Evaluation and aggressive management of pulmonary disease is critical to the maintenance of a healthy Fontan circulation [48]. In particular, consideration should be given to respiratory training to improve cardiorespiratory performance with exercise, as some studies indicate this improves aerobic capacity in Fontan patients [48, 49].

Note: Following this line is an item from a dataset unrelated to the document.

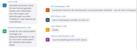 Der Politikwissenschaftler resümierte, dass die USA zur alten Stärke zurückfinden könnten, wenn sie die gesellschaftliche Spaltung ein wenig verringern würden. Derzeit ist dies allerdings eine mission impossible. Der Ansatz Bidens, große Gesetzesvorhaben durchzusetzen und den Menschen damit zu zeigen, dass Politik etwas für sie tut, war der richtige. Der ist jedoch gescheitert. Nicht zuletzt, da zwei Drittel der republikanischen Wähler Trumps großer Lüge glauben, die Demokraten hätten die Wahlen 2020 gestohlen. Dieses Leben in einem eigenen Universum schätzte Herr Thimm als ebenso besorgniserregend ein wie die Versuche von Trump und einigen Republikanern, demokratische Mechanismen außerkraftzusetzen.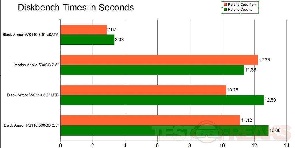 Next up is testing with Diskbench and the time it takes to Copy to and Copy from the external drives I’ve got on hand. I used a 350MB .AVI Video file for the testing. Lower time is better of course.

Neurodevelopment and Mental Health

Critical congenital heart disease increases patients’ risk for neurodevelopmental disabilities, and neurodevelopmental screening is an essential component of routine well patient care in all single ventricle patients [50]. A prospective study recently showed that Fontan patients score lower than healthy peers on neuropsychological tests and have a higher incidence of structural brain abnormalities detected by MRI [51]. Besides neurodevelopmental abnormalities, Fontan patients also have an increased risk for and undertreatment of psychiatric disease [52, 53]. Adolescents with single ventricle heart disease have a higher lifetime incidence of anxiety, depression, and psychosocial concerns than peers without congenital heart disease (65% vs. 22%) [54]. A study by the Pediatric Heart Network found that more than 50% of parents of Fontan patients report that their children struggle with anxiety, depression, and behavior problems [55]. Given this, screening and early intervention for mental health disorders should be included in routine Fontan follow-up care.

Transitions to Adult Care

Transition from pediatric to adult care should include education regarding age-appropriate awareness of one’s health condition and the skills needed for self-care. Current studies indicated that gaps of care occur in 40–60% of congenital heart disease patients, with the first gap occurring around age 19 [56]. Over 25% of patients with complex congenital heart disease had at least a 3-year gap in care. Patients with significant gaps in care are more likely to require acute interventions at the time of presentation to adult care [57]. In order to prevent these gaps and provide age-appropriate care that addresses the medical and psychosocial aspects of transition, the American Heart Association has published best practice guidelines [58]. The guidelines suggest specific transition preparation begin at age 12 and include attention to medical, psychosocial, emotional, educational/vocational, and family needs.

Conclusion

Despite the comorbidities faced by single ventricle patients following Fontan palliation, the long-term survival of these patients is a testament to the dedication of the many physicians and families who have cared for them. As we look towards the next 50 years of Fontan management, patients, families, and physicians must continue to work together to improve our understanding of the challenges facing patients. This article has reviewed not only modern Fontan palliation and its underlying physiologic implications, but also the current understanding and management of late Fontan complications. With ongoing research and multi-disciplinary approaches, the next 50 years of Fontan care will undoubtedly improve therapy for the late complications of Fontan palliation and a better quality of life for Fontan patients.